How to complete this task: Everything from the line containing "-10% offNavy Blue" to the last line of the material below must be retyped exactly, both ends included; skip the pictures.

Source data:

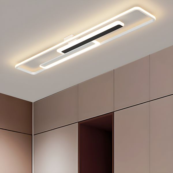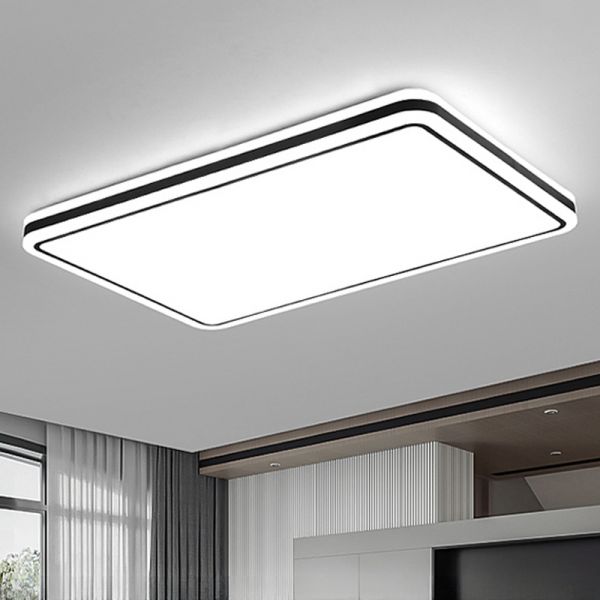 1-Light Metal Flush Mount Ceiling Led Lights Modern Style Geometric Flush Ceiling Lamp Fixture - 110V-120V Black White Light Rectangle
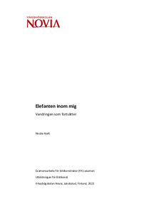 Opinnäytetyössäni pohdin polkuani kuvataiteilijaksi. Teen sen soveltamalla sitä elämääni norsujen symboliikan kautta. Teos kertoo elefantin merkityksestä kulttuurisesti, henkisesti ja suuresta merkityksestä minulle henkilökohtaisesti.
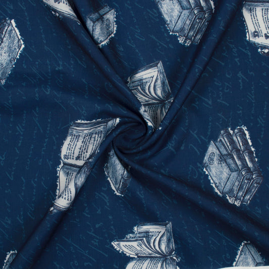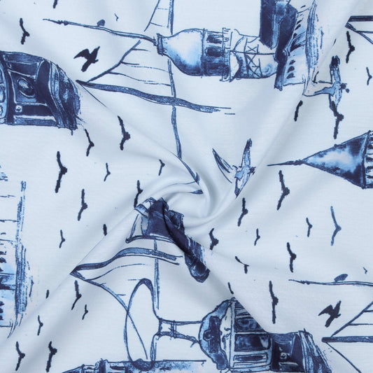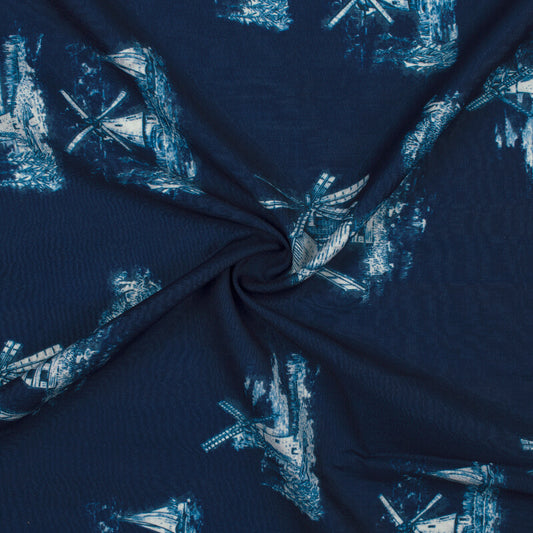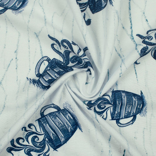 -10% offNavy Blue And White Quirky Pattern Digital Printed Muslin Fabric Navy Blue And White Quirky Pattern Digital Printed Muslin Fabric
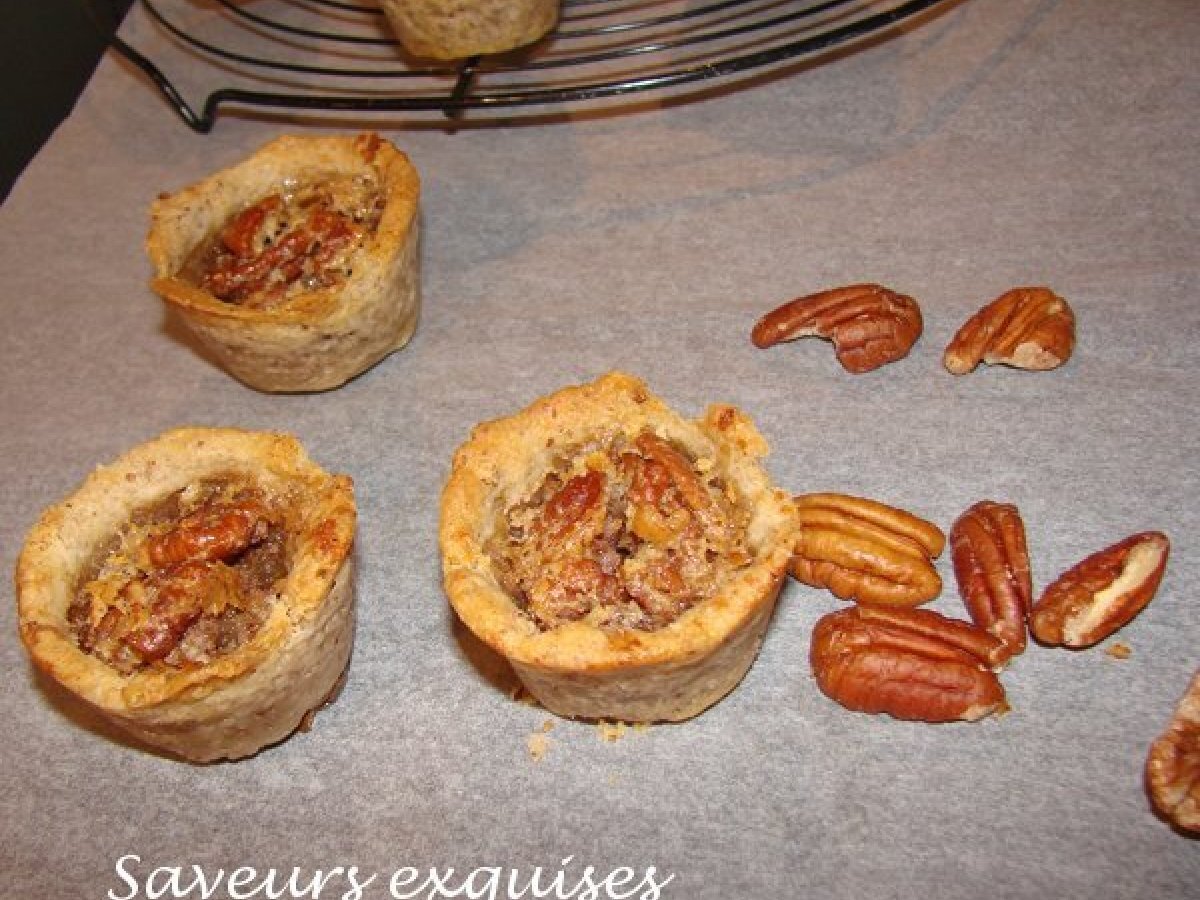 Ces mini-tartelettes mettent en valeur la saveur et la texture des noix de pécan présentes dans la pâte sablée et dans la garniture croquante. J'ai trouvé cette recette dans le livre des touts petits gâteaux de Martha Stewart, c'est un régal pour les amateurs de noix de pécan:)
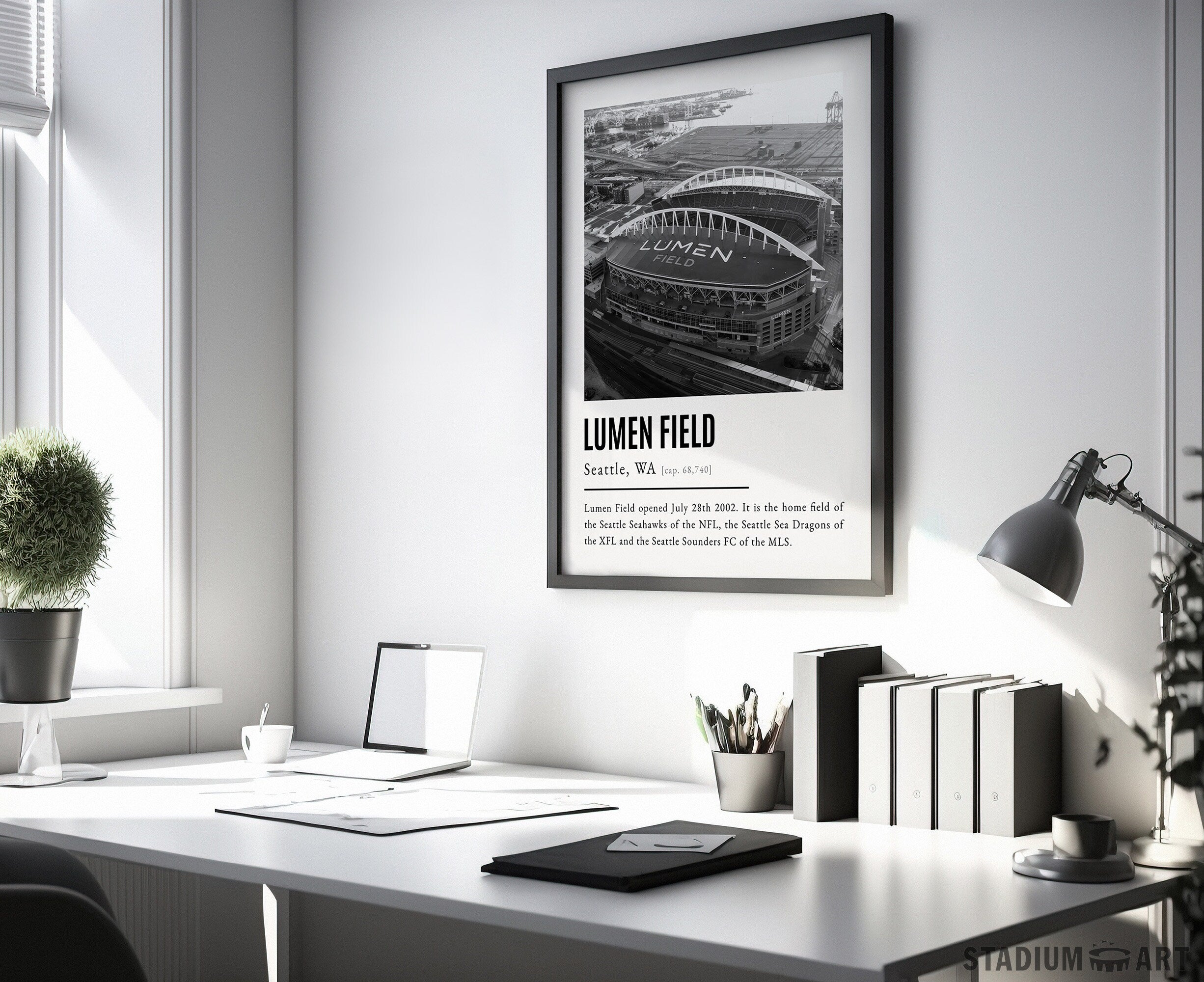 Lumen Field Print, Seattle Seahawks Poster/Canvas, Seat View, B&W Modern Football Wall Art Decor, Game Day Keepsake

Result of this task:
 -10% offNavy Blue And White Quirky Pattern Digital Printed Muslin Fabric Navy Blue And White Quirky Pattern Digital Printed Muslin Fabric
 Ces mini-tartelettes mettent en valeur la saveur et la texture des noix de pécan présentes dans la pâte sablée et dans la garniture croquante. J'ai trouvé cette recette dans le livre des touts petits gâteaux de Martha Stewart, c'est un régal pour les amateurs de noix de pécan:)
 Lumen Field Print, Seattle Seahawks Poster/Canvas, Seat View, B&W Modern Football Wall Art Decor, Game Day Keepsake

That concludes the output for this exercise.